1) This variation map overview of the #treaties has some nice changes from the usual presentation. The colour coding groups them better, so that you can see at a glance (for example) why Treaty 1 is not actually the first treaty but rather the first post-Confed treaty. (thread)
2) The gray area is described as "Land for which there are no treaties" which improves on the problematic use of "unceded" as a contrast to "treaty". Treaties are *not* examples of "surrender" despite what we're constantly told about "land sales" between "consenting" parties.
3) There are a number of reasons to be cautious about labeling treaties this way (as the opposite of 'unceded' - which is ostensibly 'lawfully surrendered'):

First, the treaties are not homogenous. They cannot be lumped in together and talked about as if they're all the same.
4) Second, the written texts which do actually use phrases that imply massive swaths of territory were "ceded, yielded, surrendered" cannot possibly be understood as the sole & legitimate interpretation of the spirit of those treaties.
5) Anyone who's actually studied them knows that the written texts were so different from the verbal negotiations, expectations & promises made by and for the negotiating parties that the textual alterations would themselves be considered a crime under contract law (then & now).
6) Even if a particular treaty did in fact constitute a land ‘surrender,’ in the eyes of *all* its signatories (a big "if" in itself), it also assumes that the treaty was never voided by ‘breach of contract’.
7) Treaty 1, for example, was broken - even by its altered, duplicitous *written* terms - by "the Dominion" of Canada almost before the ink was dry.

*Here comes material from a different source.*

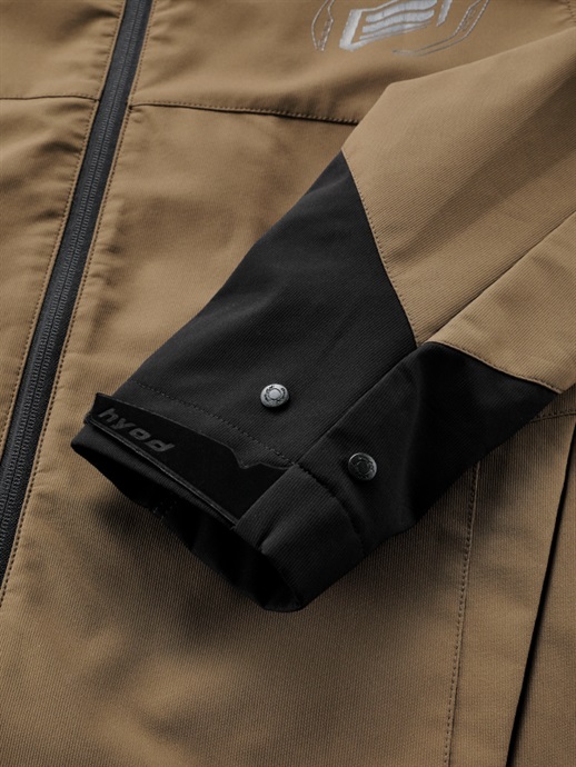 袖口はベルクロでフィット感の調節が可能。グローブに合わせて調節することで、寒風の侵入を防ぐことができます。内部にプラホックを備えていますので、インサレーションウエアとのジョイントが簡単に行えます。

8) Some of the ways in which the spirit & letter of the treaty was broken include:

a) *deliberate* failure on the part of the colonial regime to incorporate the verbal understandings and promises of both parties;
9) ... b) imposition of external legislation such as the Indian Act (which had iterations or proto-iterations imposed on Manitoba in 1874 that were themselves violations of Treaty 1);

c) broken promises with respect to "reserve land" locations, sizes, and boundaries; ...
10) and d) state & non-state land thefts & land encroachments, including the foundation of illegal settler colonies on designated reserve land. The Town of Selkirk was itself a monumental breach of Treaty 1's promises to the People of Peguis at what was then called "St. Peter's."

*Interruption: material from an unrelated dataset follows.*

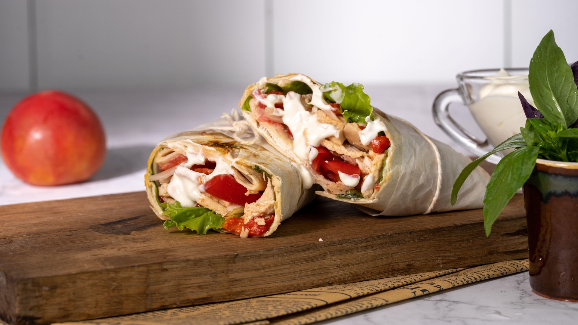 На одну порцию потребуются: один лаваш, 70 граммов куриного филе, 20 граммов твердого сыра, столько же болгарского перца, один огурец, немного лука, лист салата, греческий йогурт, чеснок, соевый соус и специи.

11) People interested in the details of just one aspect of this process & some of the First Nations resistance to it may find my M.A. thesis on the topic of some use: "'As She Shall Deem Just': Treaty 1 & the Ethnic Cleansing of the St. Peter's Reserve, 1871-1934" (U of M, 2009)
12) Any uncritical description of Treaty 1 as a "land surrender" fails to recognize that land was not only not surrendered in some kind of consensual land sale, but even by the terms that did get incorporated into text, it was completely breached & voided by 1874 at the latest.

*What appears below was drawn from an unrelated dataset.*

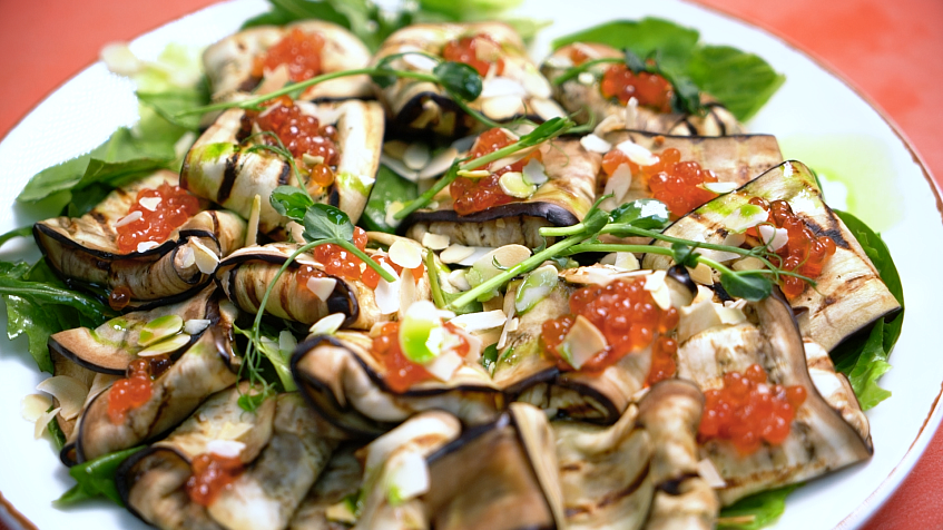 В специальном выпуске мы вместе с шеф-поваром «НеШабли» приготовили баклажаны с творожным сыром и вялеными томатами.

13) Even by European property and contract laws (then and now) -- and I am not suggesting that ought to be the standard -- this suggests that *all* of southern Manitoba (if not most of Canada) remains unceded territory.
14) Settlers complaining that First Nations get "special privileges" for exercising treaty rights not only don't know the facts or history, but ironically seem unaware that the only alternative to honouring the treaties is to give everything back. #LandBack
15) That's what we're supposed to do when we steal something. We either make amends, and compromise in a way that *the aggrieved parties actually consent to*, or we give it all back.